Available data:
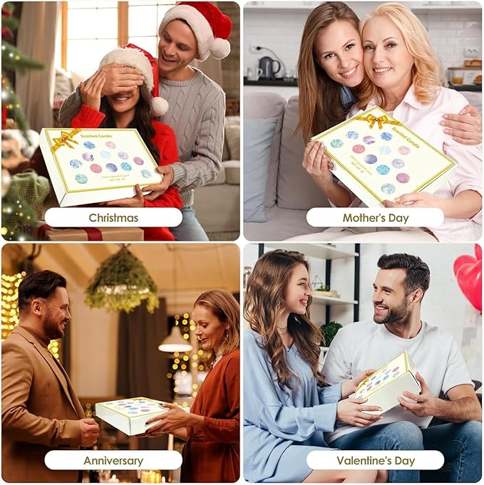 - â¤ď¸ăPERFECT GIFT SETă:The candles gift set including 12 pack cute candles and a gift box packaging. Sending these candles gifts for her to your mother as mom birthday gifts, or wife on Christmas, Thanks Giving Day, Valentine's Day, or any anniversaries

---

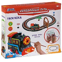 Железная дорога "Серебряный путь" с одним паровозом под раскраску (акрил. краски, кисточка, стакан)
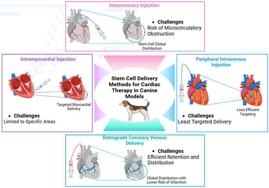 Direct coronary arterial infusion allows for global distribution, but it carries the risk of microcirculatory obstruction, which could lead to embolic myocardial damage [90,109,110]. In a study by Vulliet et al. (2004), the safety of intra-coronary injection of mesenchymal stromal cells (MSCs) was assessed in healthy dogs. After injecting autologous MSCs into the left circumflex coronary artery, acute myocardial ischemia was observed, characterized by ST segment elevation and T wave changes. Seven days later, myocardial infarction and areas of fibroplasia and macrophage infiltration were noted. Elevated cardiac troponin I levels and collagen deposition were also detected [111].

---

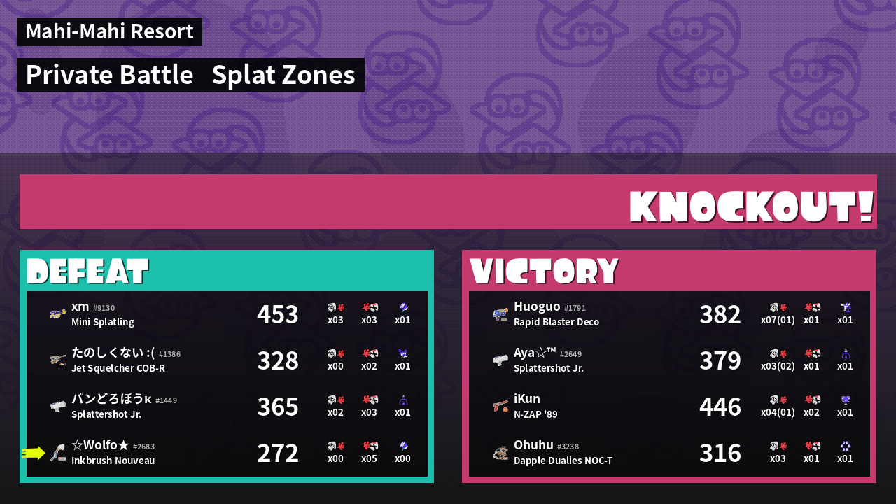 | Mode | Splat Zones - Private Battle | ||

Task objective:
Beginning at the line above that contains "краски, кисточка, стакан)" and going on through the line that contains "Direct coronary arterial", please copy every line exactly, leaving the pictures out and adding nothing.

Solution for this task:
 Железная дорога "Серебряный путь" с одним паровозом под раскраску (акрил. краски, кисточка, стакан)
 Direct coronary arterial infusion allows for global distribution, but it carries the risk of microcirculatory obstruction, which could lead to embolic myocardial damage [90,109,110]. In a study by Vulliet et al. (2004), the safety of intra-coronary injection of mesenchymal stromal cells (MSCs) was assessed in healthy dogs. After injecting autologous MSCs into the left circumflex coronary artery, acute myocardial ischemia was observed, characterized by ST segment elevation and T wave changes. Seven days later, myocardial infarction and areas of fibroplasia and macrophage infiltration were noted. Elevated cardiac troponin I levels and collagen deposition were also detected [111].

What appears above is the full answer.